* _ACTIVITY_:
Omit the pictures and output exactly the lines from the start of the entries through the line containing "Διακοσμητικό καραβάκι από".
━━━━━━━━━━━━━━━━
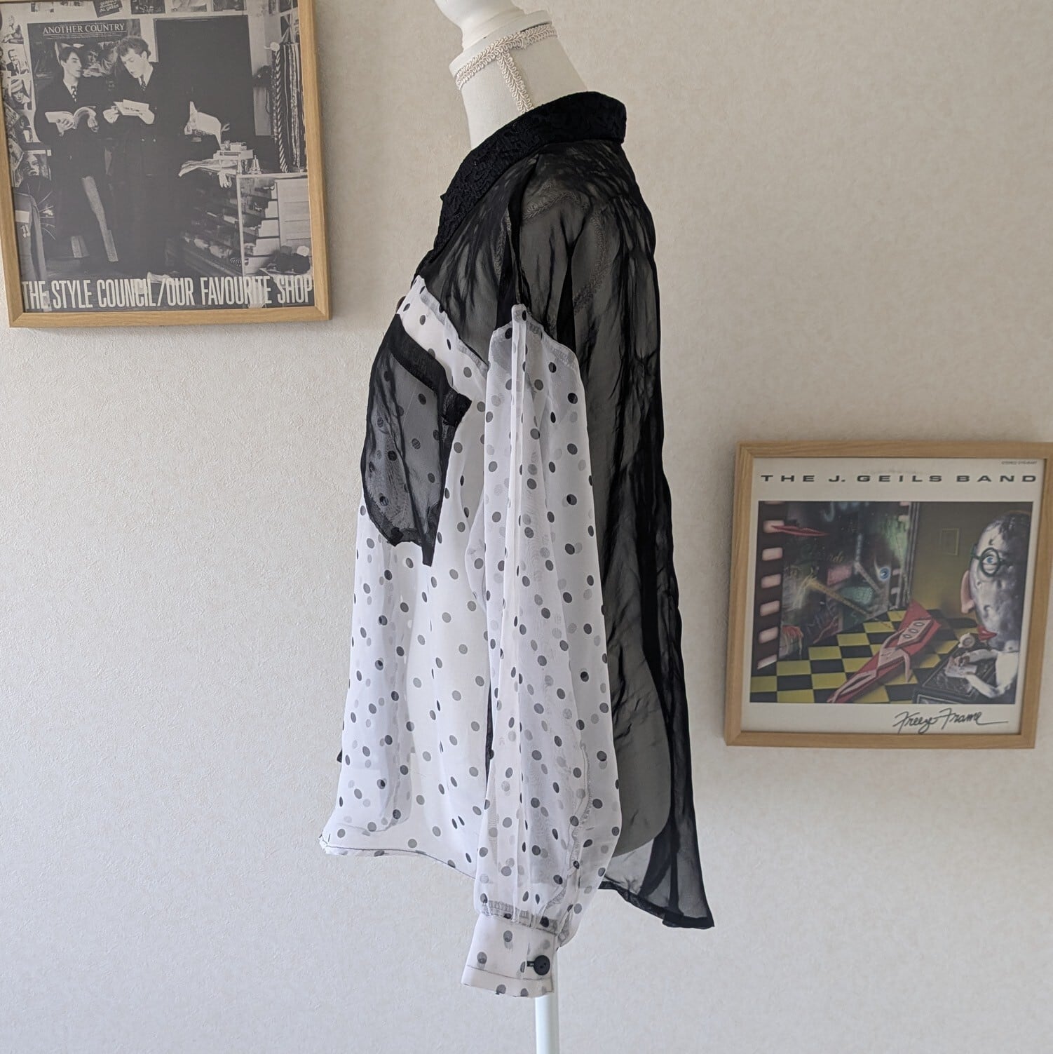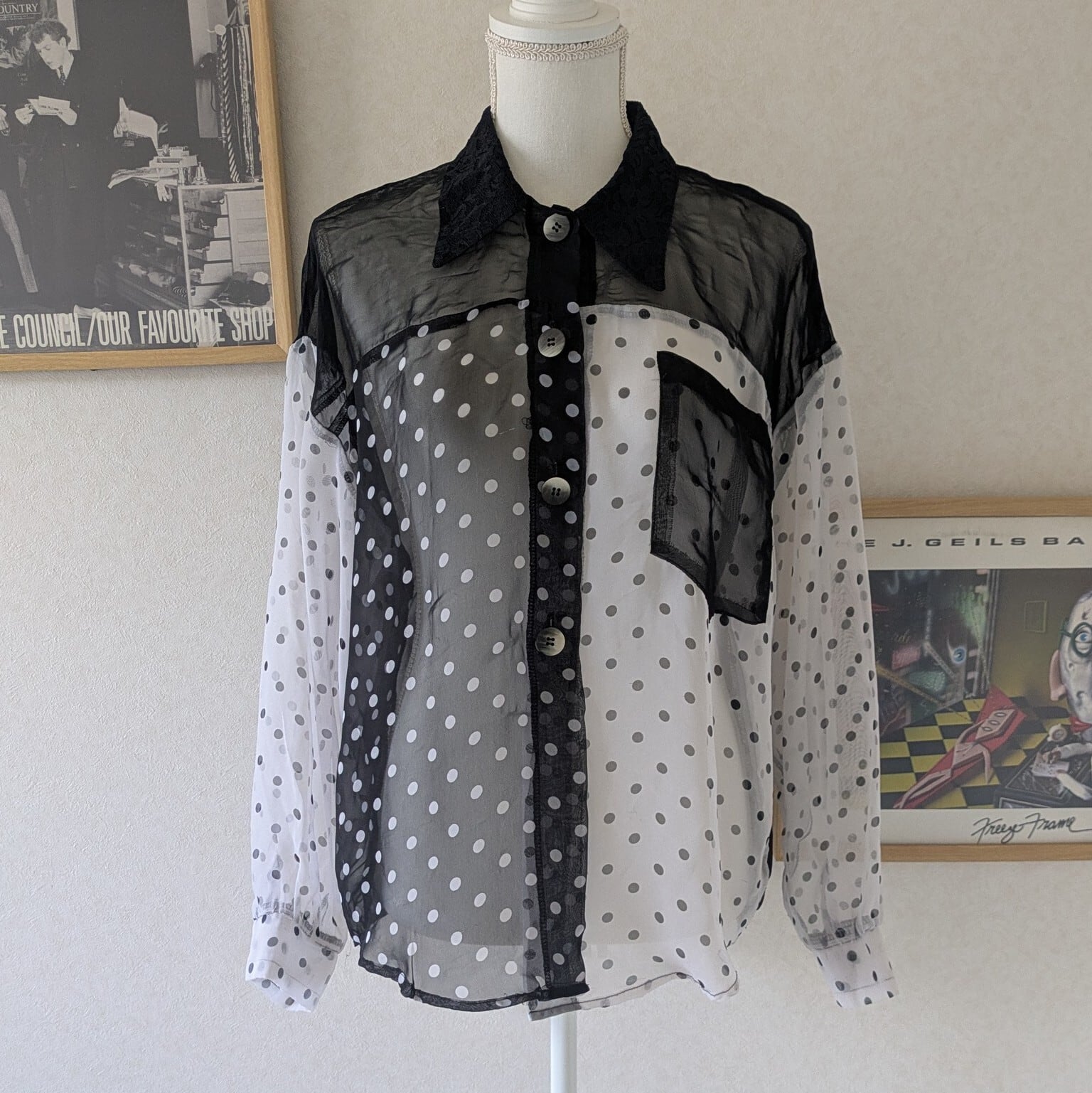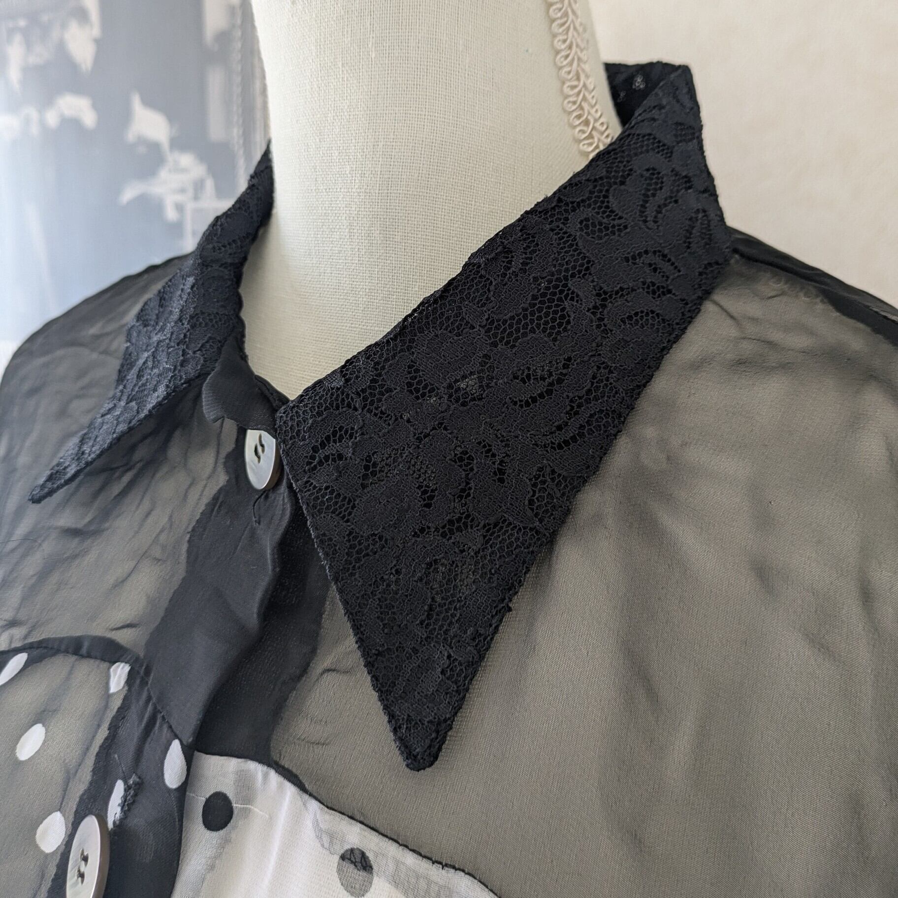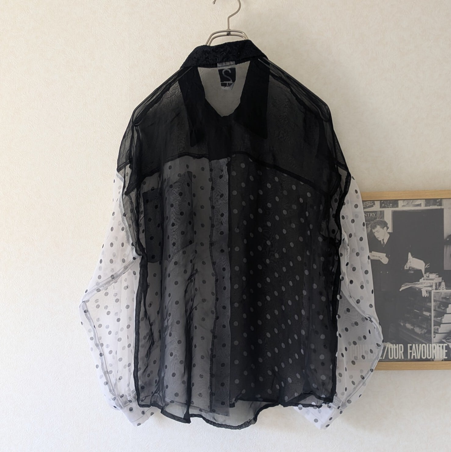 モノトーンのドット柄が遊び心溢れるシアーシャツです。
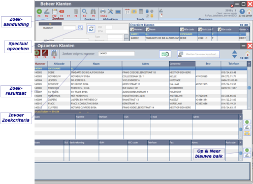 Indien u klikt op de knop met het vergrootglas naast het Nummer-veld hebt u de mogelijkheid om te zoeken in de lijst met alle klanten.
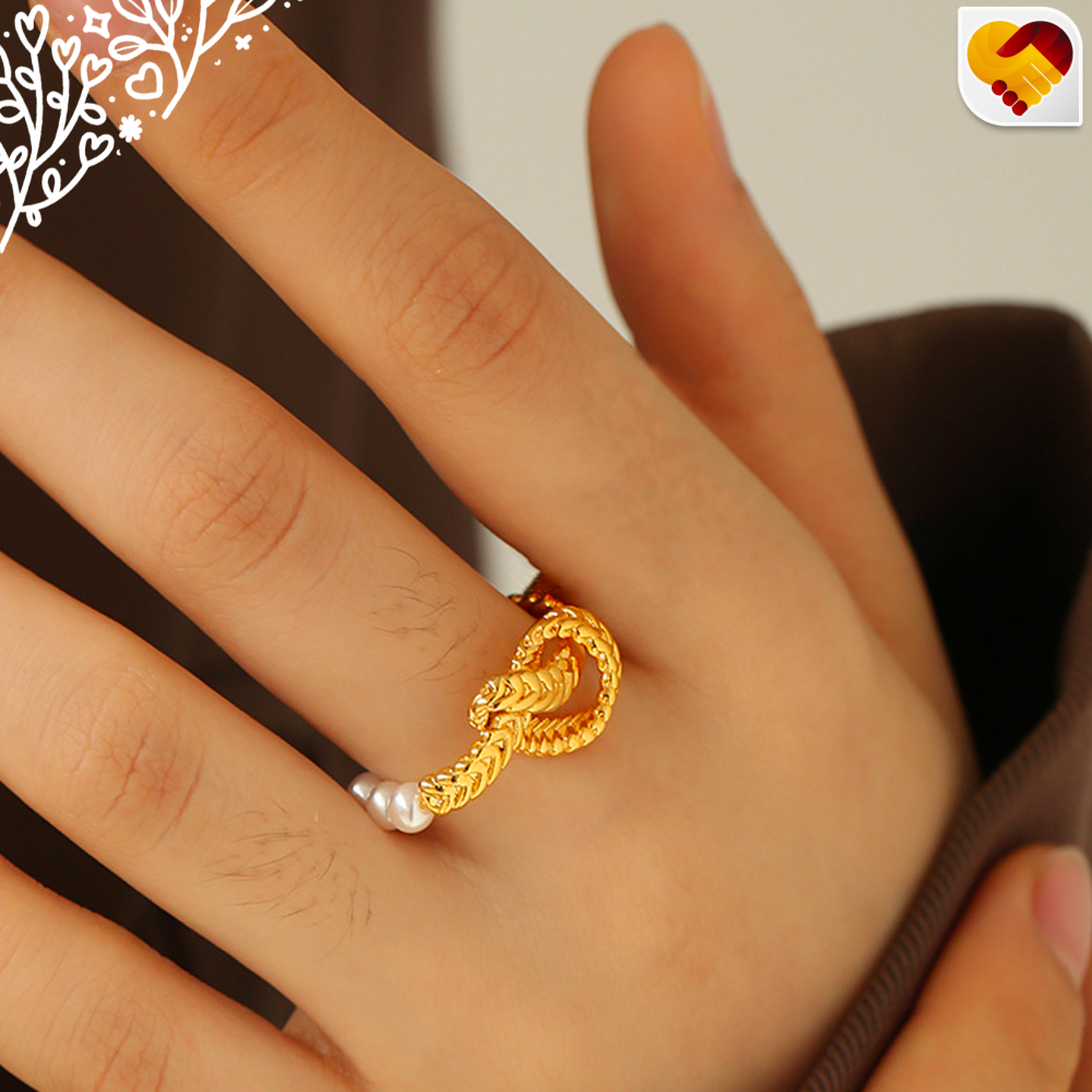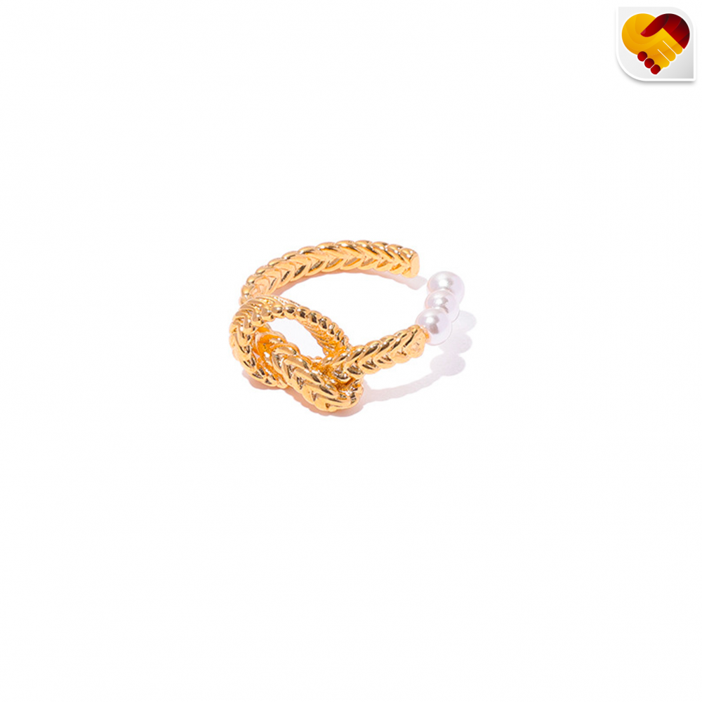 خاتم ذهبي عقدة وثلاثة لؤلؤ
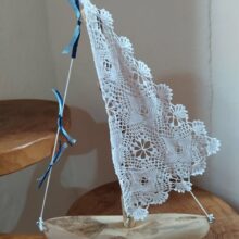 Διακοσμητικό καραβάκι από φυσικό ξύλο με πανί από πλεκτά μοτίφ
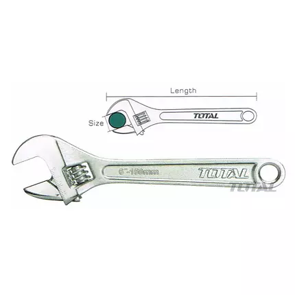 Description Total Adjustable Wrench Model no. THT1010123 Length 300mm (12") ADJUSTABLE CLAMP SIZE:0-35MM PACKED BY PAPER CARD
━━━━━━━━━━━━━━━━
* _RESPONSE BOX_:
 モノトーンのドット柄が遊び心溢れるシアーシャツです。
 Indien u klikt op de knop met het vergrootglas naast het Nummer-veld hebt u de mogelijkheid om te zoeken in de lijst met alle klanten.
 خاتم ذهبي عقدة وثلاثة لؤلؤ
 Διακοσμητικό καραβάκι από φυσικό ξύλο με πανί από πλεκτά μοτίφ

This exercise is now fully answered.